Diana Asonaba Dapaah, Deputy Attorney General and Minister for Justice, read for the second time on Wednesday June 21, 2023 the Intestate Succession Bill 2022, which is meant to correct the flaws in PNDC Law 111.

According to her, the new legislation is also designed to establish a uniformed intestate succession law that would be implemented throughout the country regardless of the intestate’s inheritance system or the type of marriage contracted.

She contended that, there is little or no protection in customary law for surviving spouses, and neither spouse has the right to the property of the other, nor do children in the marriage system have the best support by the customary system.

The Deputy Minister said changes in the Ghanaian family system have rendered the present law outmoded.

“The nuclear family has actually eroded the significance of the extended family in a manner similar to what pertains in the Western world – thus giving the nuclear family greater prominence which is not reflected in the existing laws for succession,” she noted.

She stated that the customary law concept of marriage does not consider the wife to be part of the husband’s economic needs.

“As a result, the wife’s clings to the husband’s property is very limited. However, there is currently a shift towards the involvement of the wife in the economic activities of the husband.
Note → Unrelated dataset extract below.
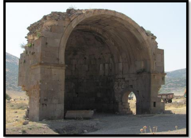
Şekil 9. Madenşehri Bölgesi Kalıntıları

Karaman'ın Karadağ bölgesi üzerinde yer alan Değle Ören Yeri'nde bulunan yapılardan, Bizans Dönemi ev mimarisi hakkında bilgilere ulaşmak mümkündür ( https://karaman.ktb.gov.tr/TR-129570/degle-oren-yeri.html ). 2 ya da 3 odalı yapılmış olan bu konutlar dini mimari yapılarla kıyasla sadece ihtiyacı karşılamaya yönelik, oldukça yalın ve sade bir şekilde inşa edildiği görülmektedir. Genellikle kesme taşla inşa edilmiş mezar yapıları olan, kaya mezarları, mezar kapakları bulunmaktadır. Ayrıca, yapılar arasında kaya mezarlarına dönüştürülmüş bir sunak bulunmaktadır. Yapılan kazılarda kaya üzerinde bir kabartma sahnesine ulaşılmıştır (Şekil 10).

“And this has considerably reduced the influence of the extended family in intestate succession. The growing importance of the nuclear family brings with its own logic of moral justice,” Ms. Dapaah stated.

She explained that, the rationale is that the surviving spouse needs to be compensated for the services done to the departed spouse, adding, “There is a need to satisfy both spouses’ expectations by giving the property of one to the other on the death of a spouse.”

She added that, while the Intestate Succession Act 1985 (PNDC Law 111) provides some protection beyond Customary Law, it was an innovation at the time of its implementation and was welcomed as a source of solace for spouses who were frequently rejected and subjected to other sorts of persecution.

“The law was intended to prevent members of the extended family from taking over assets of the deceased for their own use to the detriment of surviving spouses and children.

“Some of the provisions have, however, proved inimical to the interest of the immediate family of the deceased.

“The provisions of the factional distribution of the estate have been very difficult to implement,” she said.

The precise percentage of the estate determined by existing legislation to devolve to the spouse regardless of the number of spouses, according to her, is also problematic.

“In other words, the current law does not make provision where there is polygamous marriage where the deceased is survived by a number of spouses.

“No provision is also made for the dependent parents or children of the deceased who are still in school,” she stressed.